Re: pointers on representing tree in db?

From: Jan Hidders <hidders_at_REMOVE.THIS.win.tue.nl>
Date: 15 Apr 2001 19:38:15 GMT
Message-ID: <9bctb7$9hc$1_at_news.tue.nl>

Lennart Jonsson wrote:
>
> Hi, does any one know of any pointers on how to represent trees in a
> relational db? I'm sure there must be standard ways of doing this
> (representing organizations for example). I have implemented a solution
> which works but is far from perfect, thus eager to see other sides of the
> same coin :-)

There is the quite clever 'nested sets' method by Joe Celko. See

  http://www.dbmsmag.com/9603d06.html

You can summarize the essence (*) of it with the following three rules: 1. Every node is given a unique number by numbering them inorder (**). 2. Every node is represented by a record that contains:

1. the number that identifies the node, (a candadate key)
2. the highest number of all its descendents including itself, and
3. the data associated with the node

So suppose you have the following tree:

                    A
            +-------+------+
            B              C
        +---+---+      +---+---+
        D       E      F       G
             +--+--+
             H     I

Numbering it inorder gives you:

                    A(1)
            +-------+------+
            B(2)           C(7)
        +---+---+      +---+---+
        D(3)    E(4)   F(8)    G(9)
             +--+--+
             H(5)  I(6)

That gives you the following table:
(N = node id, M = max. desc. id, D = data)

T: N M D

---

   1 9 A
   2 6 B
   3 3 D
   4 6 E
   5 5 H
   6 6 I
   7 9 C
   8 8 F
   9 9 G

With this representation it is easy to ask queries such as 'what are all the descendents of E':

SELECT t2.D
FROM T AS t1, T AS t2
WHERE t1.D = 'E' AND t2.N > t1.N AND t2.N <= t1.D;

or 'give me all the leaf nodes':

SELECT *
FROM T
WHERE N=M; The down-side is that you have to maintain this structure when nodes are removed and added. This may mean that you have to renumber almost the entire tree.
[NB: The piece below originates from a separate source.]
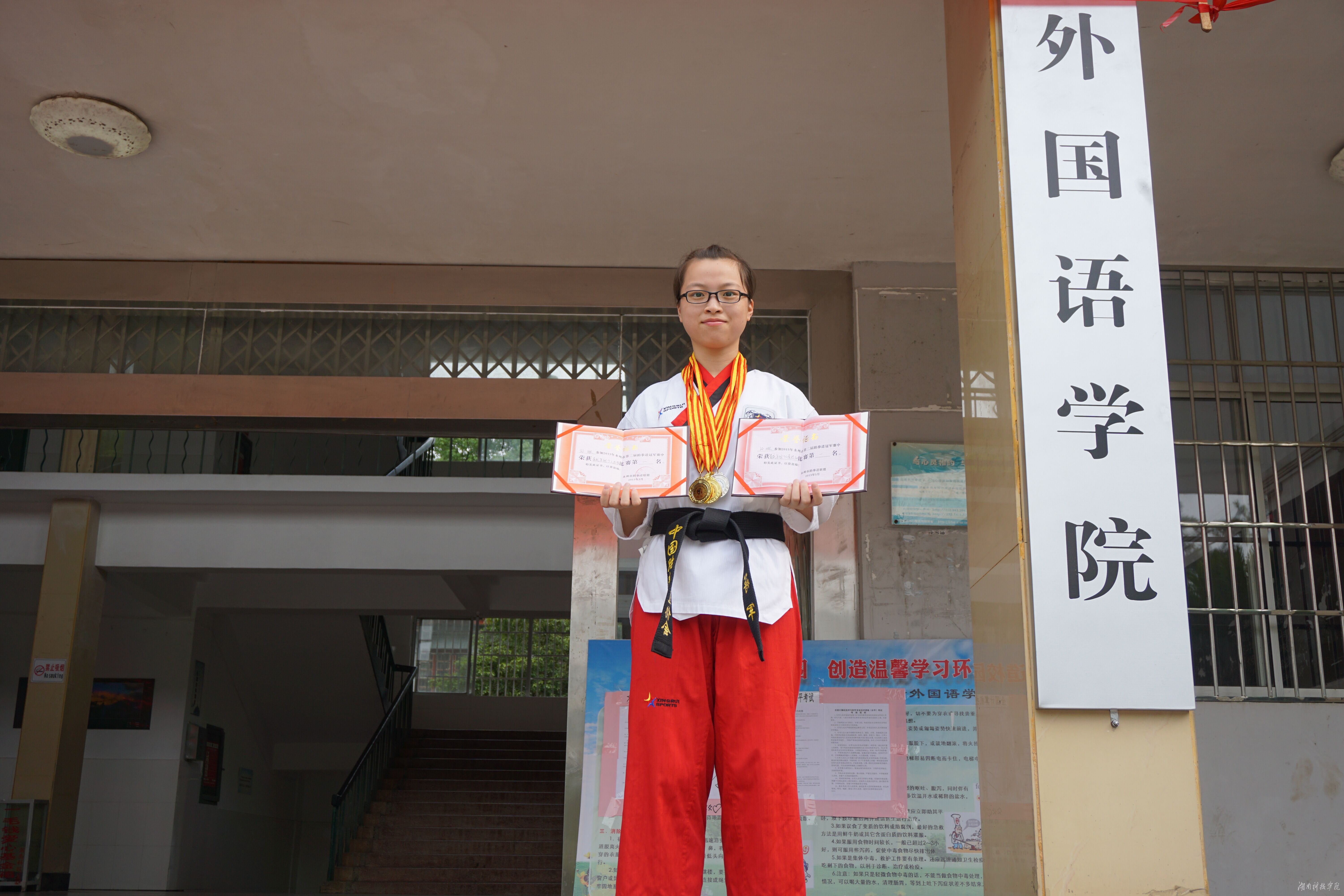 本网讯(通讯员 陈小峰)6月2日,从永州市跆拳道冠军赛传来喜讯,金沙集团外国语学院2014级学生孙琳荣获青成年组混双品势、个人品势、个人竞技三项冠军,青成年组团体品势银牌。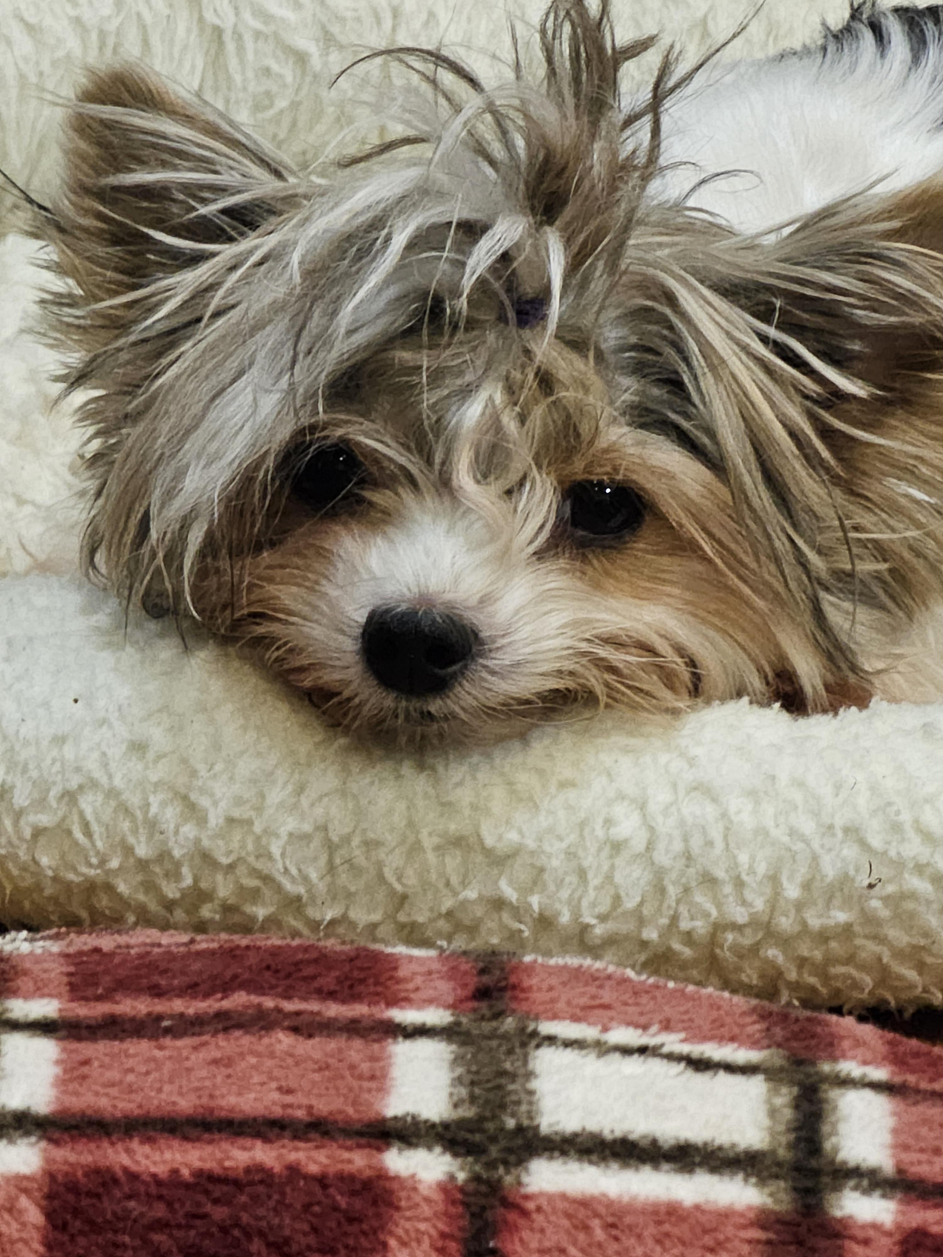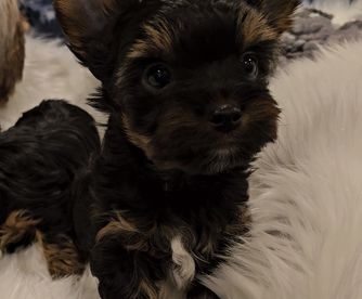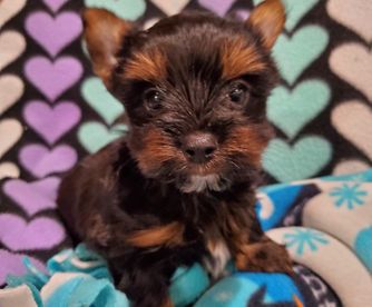 Aislin is a black Biewer. DNA and genetic tests proven. She is fiercely protective like the traditional yorkie but just as sweet. She will lay in my lap for as long as possible.

(*) My summary here is different from Joe Celko's version because it

    uses a slightly different (IMHO somewhat simpeler) numbering     scheme. But the basic idea is the same and it has the same pro's     and con's.

(**) Numbering inorder means that you start with the root node and then

     recursively do it in the following order:
     - first the node itself
     - then the left tree
     - and finally the right tree.
   

-- 
  Jan Hidders

Received on Sun Apr 15 2001 - 21:38:15 CEST